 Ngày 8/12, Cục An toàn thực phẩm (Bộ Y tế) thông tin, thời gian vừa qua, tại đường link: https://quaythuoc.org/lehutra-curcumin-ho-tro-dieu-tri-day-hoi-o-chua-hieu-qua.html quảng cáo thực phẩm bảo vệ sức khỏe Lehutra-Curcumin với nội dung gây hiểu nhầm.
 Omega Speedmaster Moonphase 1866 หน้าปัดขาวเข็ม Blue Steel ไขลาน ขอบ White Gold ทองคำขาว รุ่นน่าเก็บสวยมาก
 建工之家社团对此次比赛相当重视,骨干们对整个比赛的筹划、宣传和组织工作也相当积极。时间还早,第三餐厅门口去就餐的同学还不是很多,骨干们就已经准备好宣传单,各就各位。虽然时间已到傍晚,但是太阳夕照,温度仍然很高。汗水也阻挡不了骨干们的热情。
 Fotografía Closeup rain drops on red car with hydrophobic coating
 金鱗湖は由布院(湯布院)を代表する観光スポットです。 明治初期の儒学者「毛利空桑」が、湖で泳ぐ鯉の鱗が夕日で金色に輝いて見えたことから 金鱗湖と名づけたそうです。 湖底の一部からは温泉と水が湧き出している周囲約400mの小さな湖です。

==

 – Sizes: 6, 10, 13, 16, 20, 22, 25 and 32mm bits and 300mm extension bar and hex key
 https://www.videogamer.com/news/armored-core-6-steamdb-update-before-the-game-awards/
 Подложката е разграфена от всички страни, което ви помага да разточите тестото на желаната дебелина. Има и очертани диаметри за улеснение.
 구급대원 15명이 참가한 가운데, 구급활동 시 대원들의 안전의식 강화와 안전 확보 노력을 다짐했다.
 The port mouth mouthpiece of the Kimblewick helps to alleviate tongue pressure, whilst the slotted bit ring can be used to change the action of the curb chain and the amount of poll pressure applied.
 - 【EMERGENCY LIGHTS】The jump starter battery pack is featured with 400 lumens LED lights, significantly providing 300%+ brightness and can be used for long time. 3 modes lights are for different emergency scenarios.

* * *

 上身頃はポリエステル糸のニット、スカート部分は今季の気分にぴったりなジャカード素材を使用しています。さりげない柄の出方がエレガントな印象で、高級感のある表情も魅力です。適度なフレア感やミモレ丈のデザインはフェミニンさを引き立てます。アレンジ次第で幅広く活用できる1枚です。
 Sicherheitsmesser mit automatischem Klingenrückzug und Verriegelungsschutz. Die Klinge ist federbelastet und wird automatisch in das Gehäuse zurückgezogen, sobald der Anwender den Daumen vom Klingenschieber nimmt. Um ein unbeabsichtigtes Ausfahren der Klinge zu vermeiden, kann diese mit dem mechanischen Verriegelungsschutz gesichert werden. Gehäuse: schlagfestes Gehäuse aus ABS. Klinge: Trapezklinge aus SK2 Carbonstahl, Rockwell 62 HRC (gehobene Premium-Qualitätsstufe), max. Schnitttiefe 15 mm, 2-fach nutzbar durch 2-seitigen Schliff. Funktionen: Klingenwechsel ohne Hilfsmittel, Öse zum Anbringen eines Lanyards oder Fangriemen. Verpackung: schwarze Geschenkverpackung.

- _Problem to work on_
Begin with the line that has "上身頃はポリエステル糸のニッ" in the listing above and end after the line that has "Sicherheitsmesser mit automatischem"; output those lines exactly.

- _Completed exercise_
 上身頃はポリエステル糸のニット、スカート部分は今季の気分にぴったりなジャカード素材を使用しています。さりげない柄の出方がエレガントな印象で、高級感のある表情も魅力です。適度なフレア感やミモレ丈のデザインはフェミニンさを引き立てます。アレンジ次第で幅広く活用できる1枚です。
 Sicherheitsmesser mit automatischem Klingenrückzug und Verriegelungsschutz. Die Klinge ist federbelastet und wird automatisch in das Gehäuse zurückgezogen, sobald der Anwender den Daumen vom Klingenschieber nimmt. Um ein unbeabsichtigtes Ausfahren der Klinge zu vermeiden, kann diese mit dem mechanischen Verriegelungsschutz gesichert werden. Gehäuse: schlagfestes Gehäuse aus ABS. Klinge: Trapezklinge aus SK2 Carbonstahl, Rockwell 62 HRC (gehobene Premium-Qualitätsstufe), max. Schnitttiefe 15 mm, 2-fach nutzbar durch 2-seitigen Schliff. Funktionen: Klingenwechsel ohne Hilfsmittel, Öse zum Anbringen eines Lanyards oder Fangriemen. Verpackung: schwarze Geschenkverpackung.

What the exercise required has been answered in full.